The Rocks is the historic neighbourhood on the western side of Sydney Cove. It rises steeply behind George Street and the shores of west Circular Quay to the heights of Observatory Hill. It was named The Rocks by convicts who made homes there from 1788, but has a much older name, Tallawoladah, given by the first owners of this country, the Cadigal people. Tallawoladah, the rocky headland of Warrane (Sydney Cove), had massive outcrops of rugged sandstone, and was covered with dry sclerophyll forest of pink-trunked angophora, blackbutt, red bloodwood and Sydney peppermint. The Cadigal probably burnt the bushland here to keep the country open. Archaeological evidence shows that they lit cooking fires high on the slopes, and shared meals of barbecued fish and shellfish. Perhaps they used the highest places for ceremonies and rituals. Down below, Cadigal women fished the waters of Warrane in bark canoes. [1]

The convicts' side of town

After the arrival of the First Fleet in 1788, Tallawoladah became the convicts' side of the town.

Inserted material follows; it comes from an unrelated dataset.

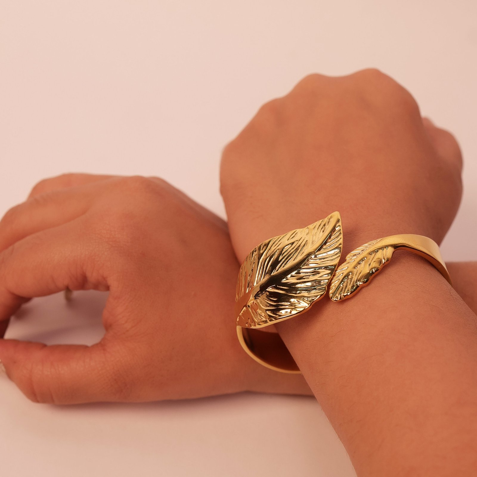 Add a touch of bohemian elegance to your jewellery collection with this stunning gold-tone feather wrap bangle. This beautifully crafted cuff bracelet features an intricate feather design with delicate etched details that catch the light wonderfully. The wrap-around style creates a unique, adjustable fit that gracefully adorns your wrist. Perfect for both casual and formal occasions, this versatile piece can be styled with traditional Indian wear or contemporary western outfits. The durable metal construction ensures long-lasting wear, while the polished finish adds a luxurious touch.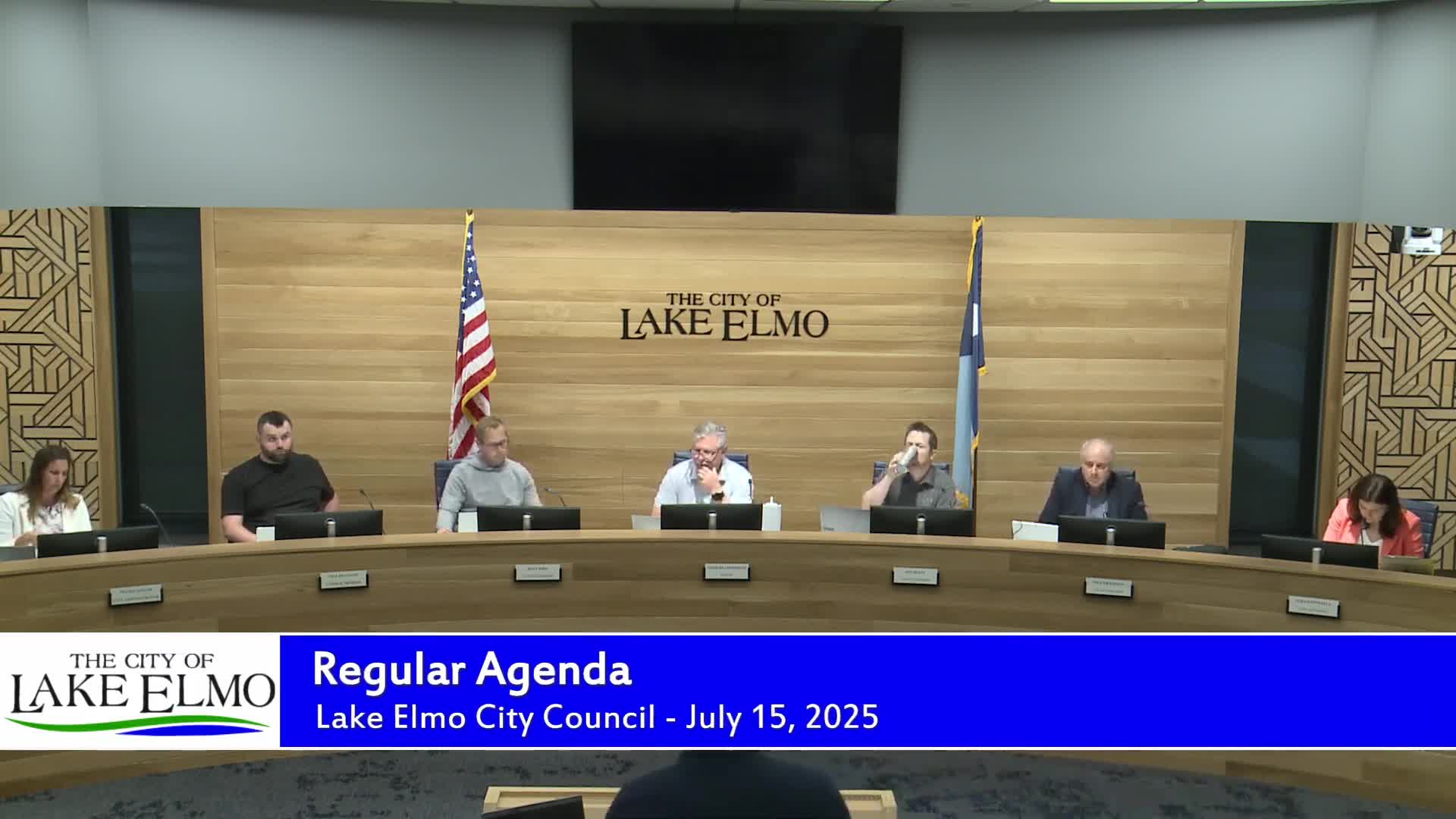 The Lake Elmo City Council on July 15 accepted bids and ordered contract award for the I‑94 Lift Station force-main improvements (Resolution 2025‑055), accepting a low bid of $1,248,683 from A1 Excavating LLC.

While the governor and civil personnel lived on the more orderly eastern slopes of the Tank Stream, convict women and men appropriated land on the west. Some had leases, but most did not. They built traditional vernacular houses, first of wattle and daub, with thatched roofs, later of weatherboards or rubble stone, roofed with timber shingles. They fenced off gardens and yards, established trades and businesses, built bread ovens and forges, opened shops and pubs, and raised families. They took in lodgers – the newly arrived convicts – who slept in kitchens and skillions. Some emancipists also had convict servants. After November 1790, large numbers of Aboriginal people came into the town to visit and to live, and apparently continued to live there over the nineteenth and twentieth centuries. [2]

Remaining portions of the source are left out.